=== What you need to do ===
Please restate word for word the lines from the top of the entries through the line that contains "Książeczka z wydrapywankami", and do not include any pictures.

=== Data supplied ===
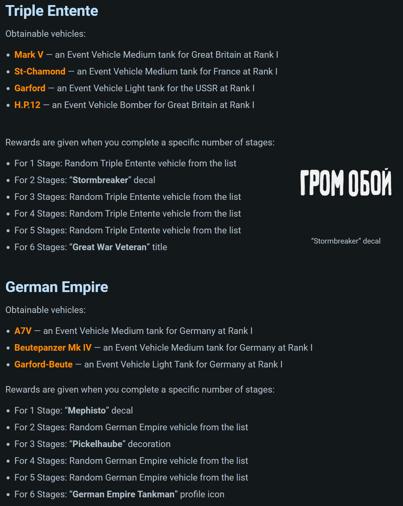 Still waiting. I unlocked all WW1 vehicles and still want them to have their Great War event tag.
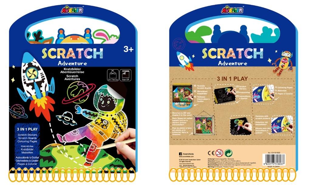 Książeczka z wydrapywankami to ciekawa propozycja dla kreatywnych dzieci. Prosta technika wydrapywania pozwala na stworzenie przepięknych oryginalnych obrazków przy niewielkim nakładzie pracy. Poręczny format książki doskonale sprawdza się, gdy dzieci są w ruchu. Zawiera 25 naklejek do zdrapek przygodowych, 10 zdrapek, 11 stron do kolorowania i drewniany rysik. Zapewnia mnóstwo zabawy dla dzieci.
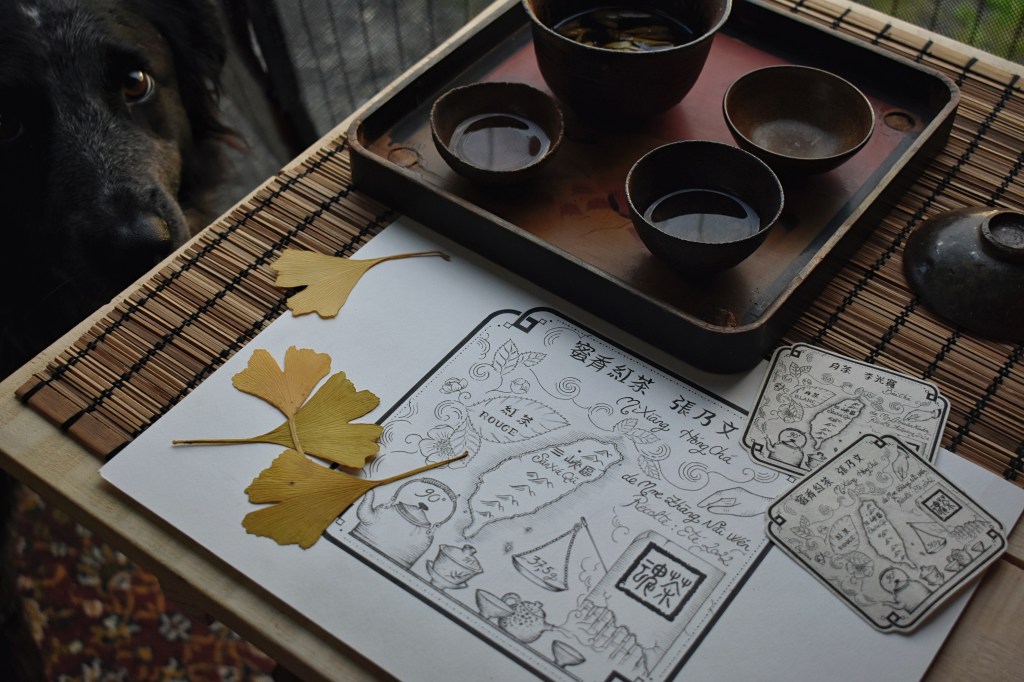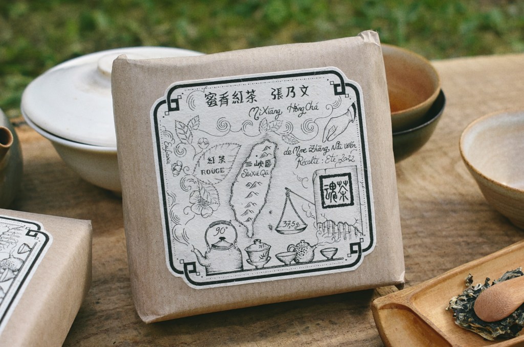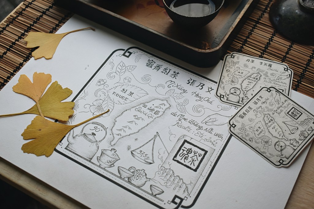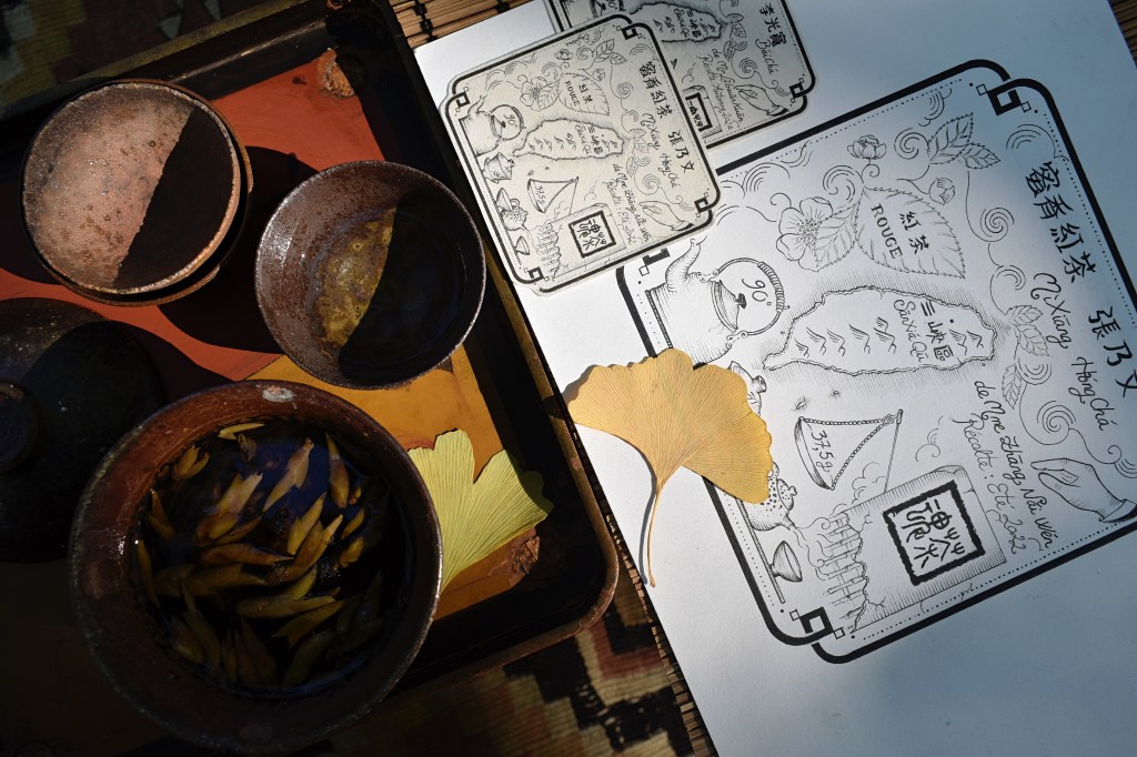 Sur l’étiquette illustrée, les arômes, feuilles & fleurs du Camellia sinensis, se développent dans le nuage de fumée vaporeux, émanant de la théière, dans laquelle on peut lire : 90°, température de l’eau d’infusion. Les sinogrammes sont pour moi des illustrations symboliques que je dessine. Une ancienne balance chinoise d’apothicaire sert à indiquer la quantité de thé que comprend le paquet, et une main qui cueille pour désigner le ou la propriétaire des cultures.
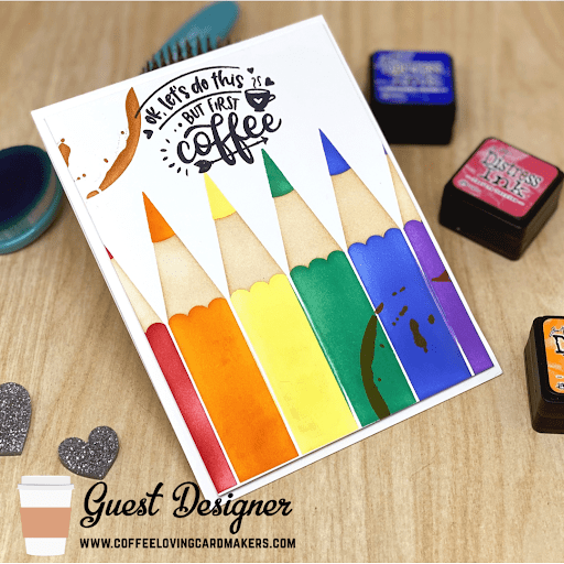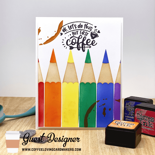 Hello, friends! I am happy to be back again this week with another fun card to share with you. This time, I went off the beaten path a little and chose to use a stencil that doesn’t scream coffee… but it DOES scream CRAFTS! And we all know that coffee and crafts are an excellent combination!
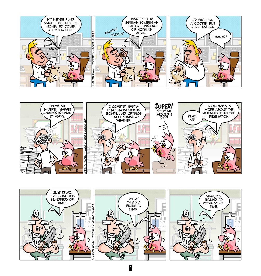 Free money will generate a ton of hilarious investing behavior. Over the last decade we’ve witnessed how classic investment strategies, like buying something below its intrinsic value, have given way to HODLing, FOMO, and MEME-stock investing. That’s the sort of ingenious s**t that only FREE money can buy. To be honest, I blame the professional asset allocators more for the latest financial blow-up than the reckless risk takers. There will always be folks with their hands stretched out whenever free money is handed out. Trained investment professionals, on the other hand, should’ve known better. Investing is hard. I hope you enjoy my comics that cover this and other topics about investing.
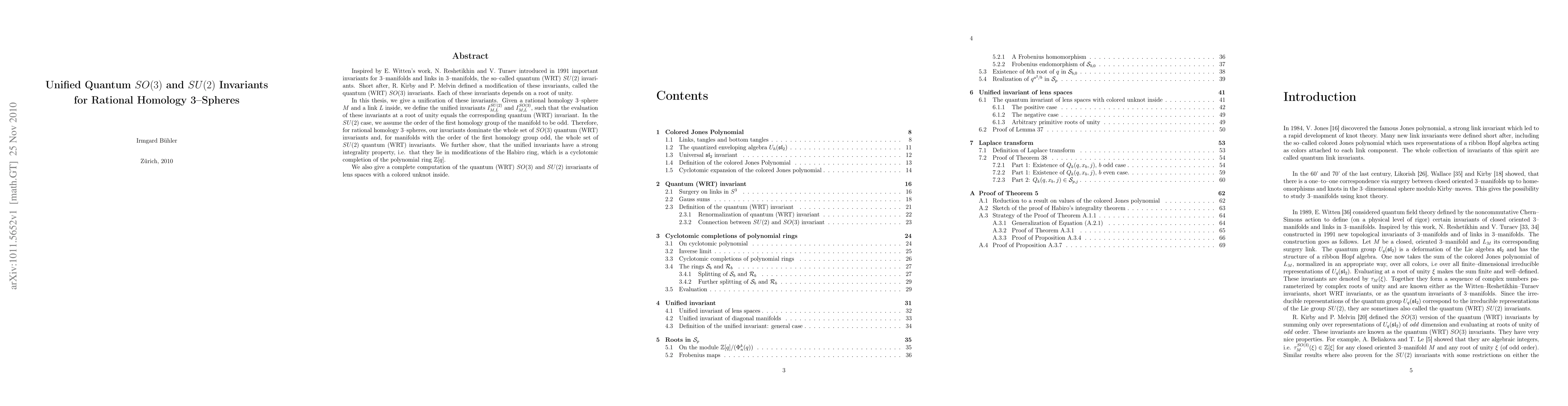 In this thesis, we give a unification of the quantum WRT invariants. Given a rational homology 3-sphere M and a link L inside, we define the unified invariants, such that the evaluation of these invariants at a root of unity equals the corresponding quantum WRT invariant. In the SU(2) case, we assume the order of the first homology group of the manifold to be odd. Therefore, for rational homology 3-spheres, our invariants dominate the whole set of SO(3) quantum WRT invariants and, for manifolds with the order of the first homology group odd, the whole set of SU(2) quantum WRT invariants. We further show, that the unified invariants have a strong integrality property.

=== Answer area ===
 Still waiting. I unlocked all WW1 vehicles and still want them to have their Great War event tag.
 Książeczka z wydrapywankami to ciekawa propozycja dla kreatywnych dzieci. Prosta technika wydrapywania pozwala na stworzenie przepięknych oryginalnych obrazków przy niewielkim nakładzie pracy. Poręczny format książki doskonale sprawdza się, gdy dzieci są w ruchu. Zawiera 25 naklejek do zdrapek przygodowych, 10 zdrapek, 11 stron do kolorowania i drewniany rysik. Zapewnia mnóstwo zabawy dla dzieci.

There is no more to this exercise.